→ EXERCISE GOAL
Each line from the one containing "La corbeille de" to the last line of the listing below is to be duplicated exactly, and no picture is to be carried over.

→ DATA EXTRACT

---------------

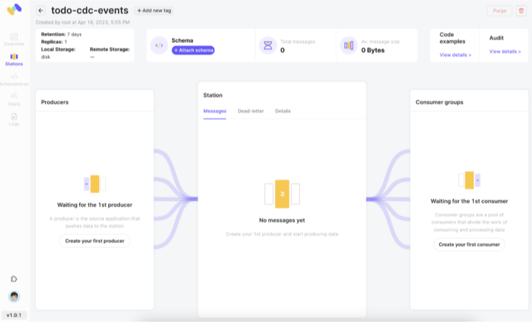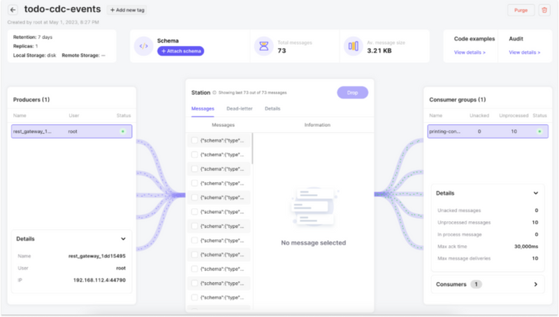 Check the todo-cdc-events station overview screen in Memphis.dev web UI to confirm that the producer and consumer are connected and messages are being delivered.
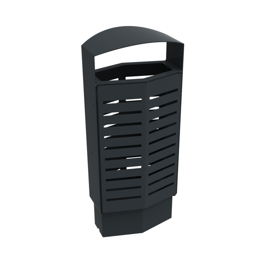 La corbeille de propreté se compose d’une ossature réalisée en tôle d’acier formant les montants latéraux, le dessus et le fond de la corbeille. Cette ossature comporte en son dessus les découpes permettant la mise en place d’un cendrier dôme, d’un tri sélectif ou d’un distributeur de sacs canins, un fond plat et un flasque reliant les montants en partie haute délimitant la zone de dépose des déchets, et destinée également à fixer la tôle arrière ainsi que la porte retenue en position fermée par un aimant.
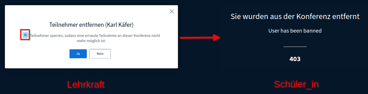 Setzt man den Haken bei „Teilnehmer sperren, sodass eine erneute Teilnahme an dieser Konferenz nicht mehr möglich ist.“ nicht, kann der/die Betreffende umgehend zurückkehren.

---------------

→ RESPONSE TO THE EXERCISE
 La corbeille de propreté se compose d’une ossature réalisée en tôle d’acier formant les montants latéraux, le dessus et le fond de la corbeille. Cette ossature comporte en son dessus les découpes permettant la mise en place d’un cendrier dôme, d’un tri sélectif ou d’un distributeur de sacs canins, un fond plat et un flasque reliant les montants en partie haute délimitant la zone de dépose des déchets, et destinée également à fixer la tôle arrière ainsi que la porte retenue en position fermée par un aimant.
 Setzt man den Haken bei „Teilnehmer sperren, sodass eine erneute Teilnahme an dieser Konferenz nicht mehr möglich ist.“ nicht, kann der/die Betreffende umgehend zurückkehren.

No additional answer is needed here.